▼

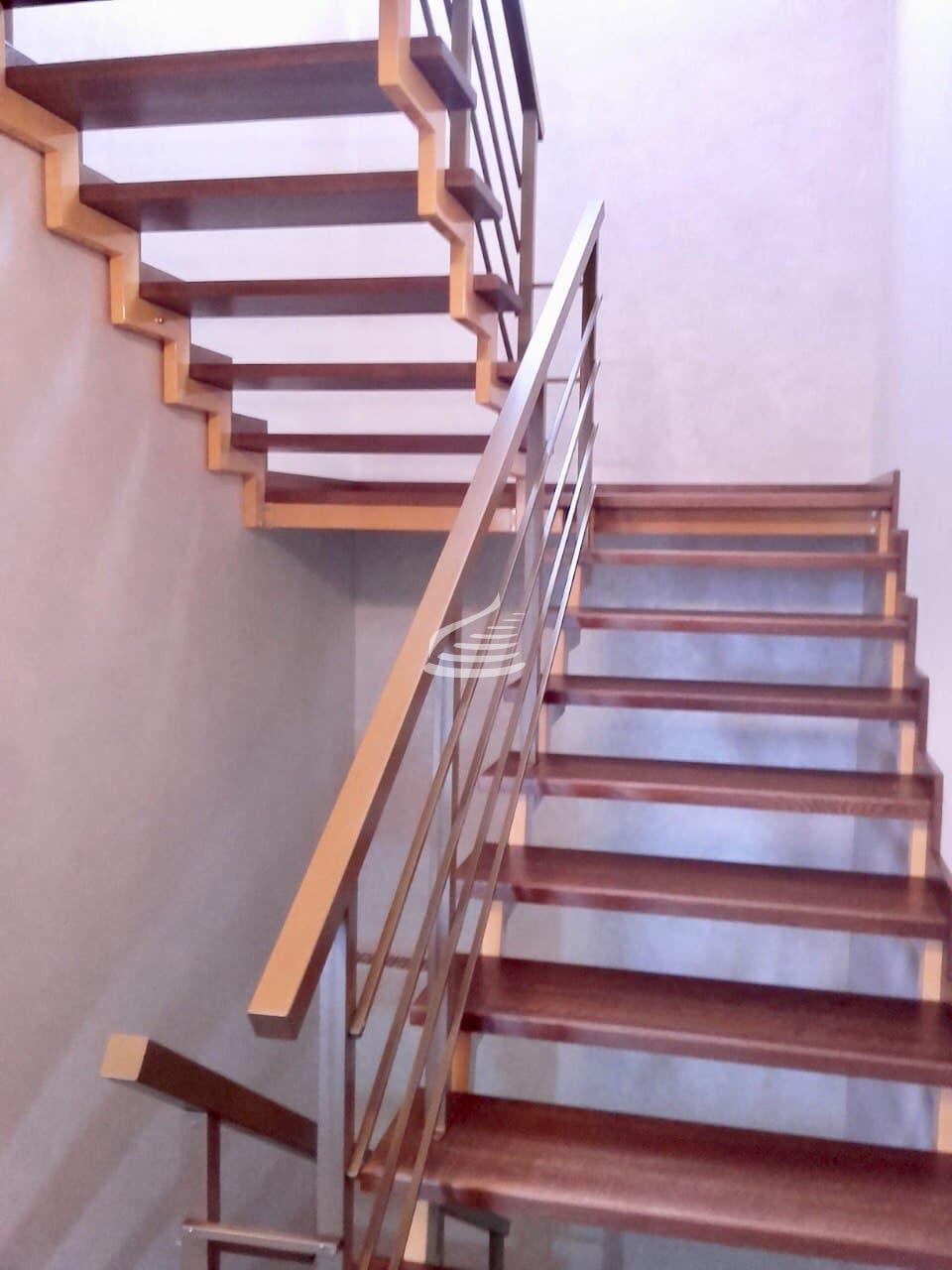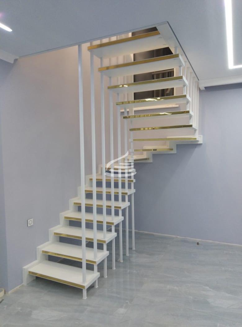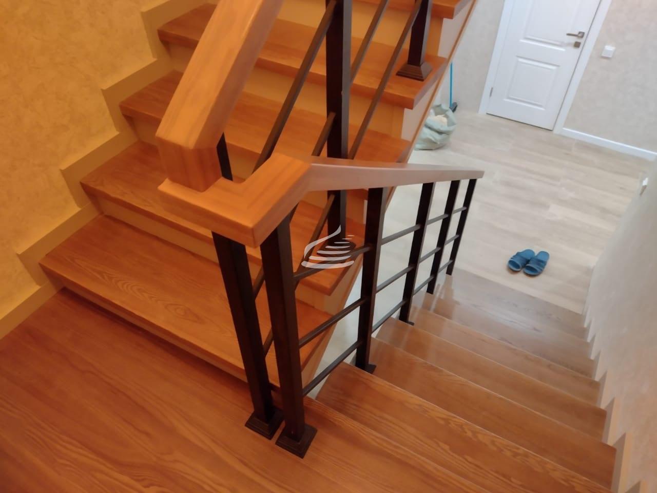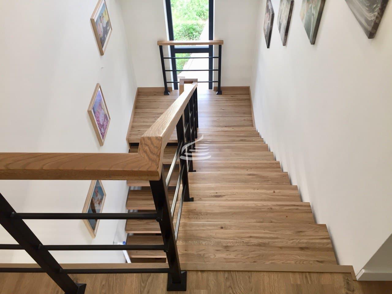 Строгость и сдержанность балясин, окрашенных в тон "черный муар", подчеркнута белоснежной фальш-тетивой, которая придает форму, создает контраст и вносит необходимый штрих к простой и сдержанной красоте этой лестницы.
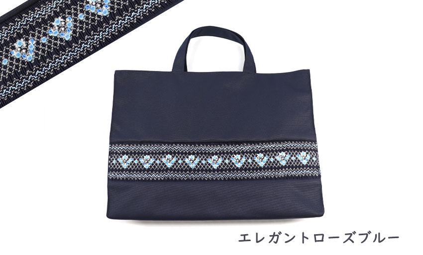 ネイビーの弱撥水加工を施したポリエステル素材にスモッキング刺繍をあしらい上品に仕上げています。裏地にはナイロンを使用し、汚れも目立ちにくく荷物の出し入れもスムーズに行えます。内側にお名前白タグつき。
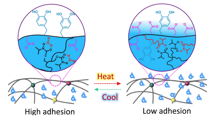 這項突破并非一蹴而就。周峰回憶,幾年前,團隊一直攻關(guān)高強韌黏附水凝膠材料,偶然發(fā)現一種材料在多次按壓后黏性驟降?!霸摤F象引發(fā)了我們的極大興趣,經(jīng)過(guò)對材料的成分分析、機理驗證等,才知道原來(lái)在多次按壓以后,手部溫度傳遞到凝膠表面,致使凝膠發(fā)生相變,呈現低黏附態(tài)?!边@讓團隊意識到,溫度可能是調控黏附性能的鑰匙。

▲

**Work item**
From the material above, print everything exactly except the pictures.

**Written solution**
 Строгость и сдержанность балясин, окрашенных в тон "черный муар", подчеркнута белоснежной фальш-тетивой, которая придает форму, создает контраст и вносит необходимый штрих к простой и сдержанной красоте этой лестницы.
 ネイビーの弱撥水加工を施したポリエステル素材にスモッキング刺繍をあしらい上品に仕上げています。裏地にはナイロンを使用し、汚れも目立ちにくく荷物の出し入れもスムーズに行えます。内側にお名前白タグつき。
 這項突破并非一蹴而就。周峰回憶,幾年前,團隊一直攻關(guān)高強韌黏附水凝膠材料,偶然發(fā)現一種材料在多次按壓后黏性驟降?!霸摤F象引發(fā)了我們的極大興趣,經(jīng)過(guò)對材料的成分分析、機理驗證等,才知道原來(lái)在多次按壓以后,手部溫度傳遞到凝膠表面,致使凝膠發(fā)生相變,呈現低黏附態(tài)?!边@讓團隊意識到,溫度可能是調控黏附性能的鑰匙。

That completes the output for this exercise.